Bland, 958 S.W.2d at 660. Our supreme court has held that factors demonstrating the existence of premeditation include, but are not limited to, the following: the declaration of the intent to kill, the procurement of a weapon, the use of a deadly weapon upon an unarmed victim, the fact that the killing was particularly cruel, the infliction of multiple wounds, the making of preparations before the killing for the purpose of concealing the crime, the destruction or secretion of evidence, and calmness immediately after the killing. State v. Jackson,
173 S.W.3d 401, 409 (Tenn. 2005); State v. Nichols,
24 S.W.3d 297, 302 (Tenn. 2000). Additional factors cited by this court from which a jury may infer premeditation include lack of provocation by the victim and the defendant’s failure to render aid to the victim. See State v. Lewis,
36 S.W.3d 88, 96 (Tenn. Crim. App. 2000). Further, “[e]stablishment of a motive for the killing is a factor from which the jury may infer premeditation.” State v. Leach,
148 S.W.3d 42, 54 (Tenn. 2004). The Defendant argues that evidence showed that the Defendant “exchanged fire at least with one other shooter,” and therefore, the State did not prove beyond a reasonable doubt that it was a bullet from his gun that struck Ms. Brown. Additionally, the Defendant cites to his own testimony at trial as evidence that he did not act “with premeditation and intent to kill Uniqua Brown, or for that matter, . . . anyone else at the [Brown-]Maples’ residence.” According to the Defendant, the record demonstrates that he went to the home “with only the intent to try to retrieve the money” that had been taken from his brother during the robbery the prior evening.

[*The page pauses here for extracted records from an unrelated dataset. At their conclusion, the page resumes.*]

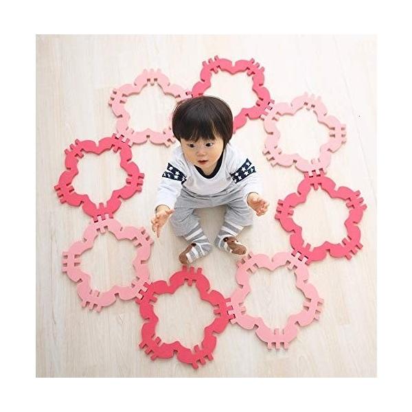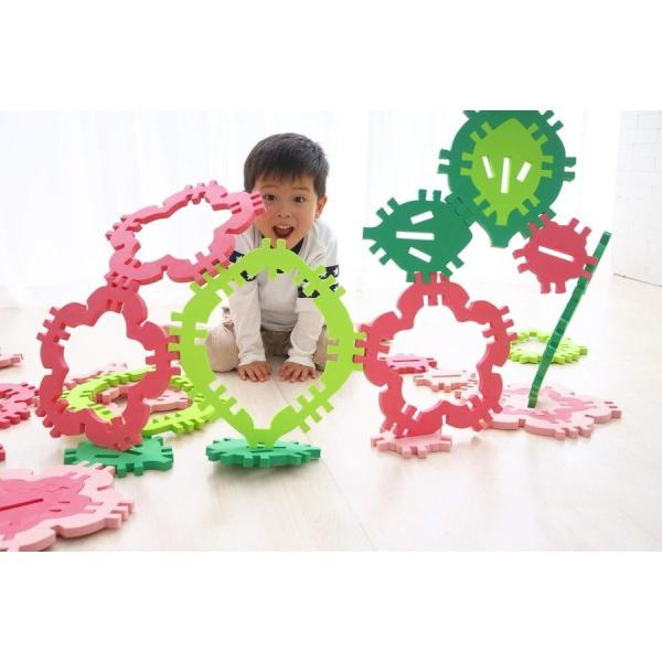 1組が大・中・小の3パーツに分かれるようにデザインされており、合計24パーツを使って床に敷いたり立体的に組み上げたり、子供たちが想像力を働かせながら全身を使って遊ぶことができます。
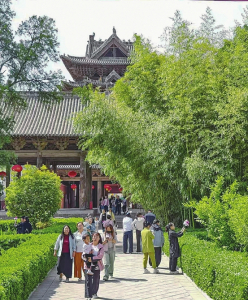 ③4月26日,游人在萬(wàn)榮縣東岳廟游玩,在宜人的春光里觀賞純木質(zhì)結(jié)構(gòu)建筑飛云樓,感受傳統(tǒng)文化的魅力。
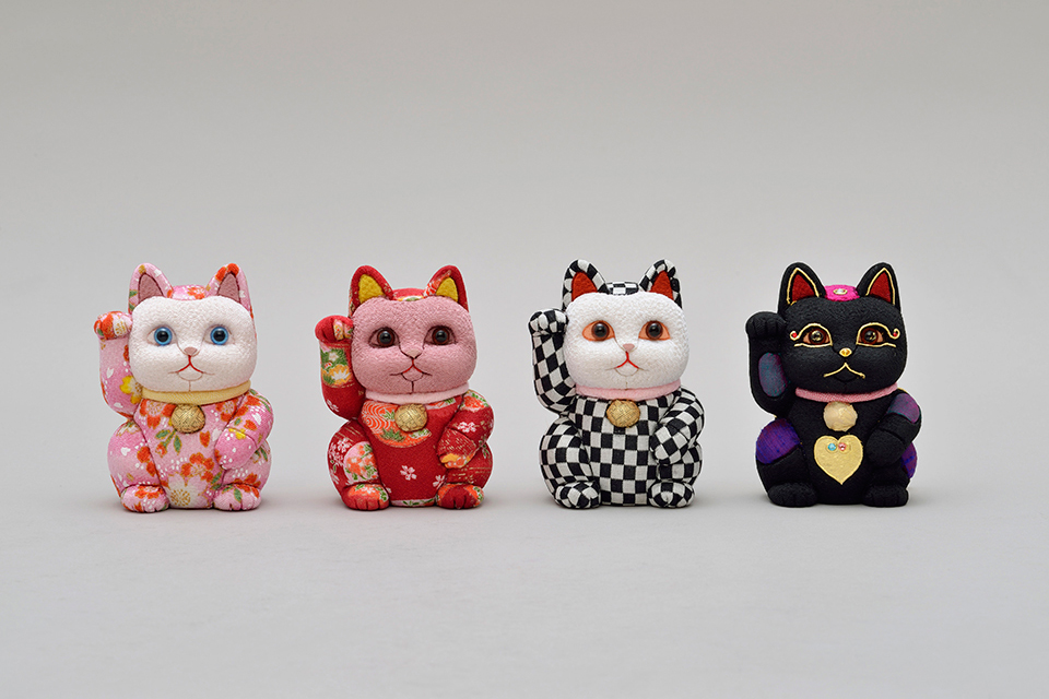 1950(昭和25)年に創業した、江戸木目込人形の節句人形を手がける工房。二代目・柿沼東光は、独創的な人形づくりで数々の受賞歴を持つ伝統工芸士です。螺鈿の象嵌、彩色二衣重 (さいしきふたえかさね) などの独自技法の追求、時代を見つめた斬新な人形づくりにも意欲的に取り組んで来ました。「節句に限らず江戸木目込人形を手にする機会を増やしたい」との思いから誕生した「招き猫」シリーズは、世界的な猫ブームに乗って注目され、木目込む布地の取り合わせや革など新素材を採用することにより、まったく新しい江戸木目込人形の世界を創り出しています。

However, we agree with the -44- State that the evidence, when viewed in the light most favorable to it, establishes that it was the Defendant who shot Ms. Brown and that he did so with premeditation and intent to kill. First, the evidence did not conclusively establish that anyone else shot that day. The Defendant, himself, was unable to testify with certainty if the man he saw pointing a gun fired at him. Mr. Maples was unable to state for sure that Mr. Dixson shot his .45 that day. Regardless, forensic evidence established that all of the bullets that entered the Chevy Caprice came from the street, where the Defendant was the only shooter. The Defendant submits that the medical examiner’s testimony established “that Ms. Brown was killed by a bullet ricochet.” However, this is an improper characterization of her testimony. Dr. Mileusnic-Polchan stated, “[T]here are a couple of interesting findings here that might point toward the existence of an intermediate target, that the bullet hit something else before reaching Uniqua’s body.” Ms. Brown was seated in the front seat of the Chevy; any bullet that struck her would have first passed through the exterior of the car. Dr. Mileusnic-Polchan concluded that Ms. Brown was shot in the back while leaning forward. Moreover, the Defendant, during his own testimony, acquiesced that the bullet that killed Ms. Brown must have come from his weapon. Additionally, we note that whether a defendant was acting in self-defense is a question of fact for the jury.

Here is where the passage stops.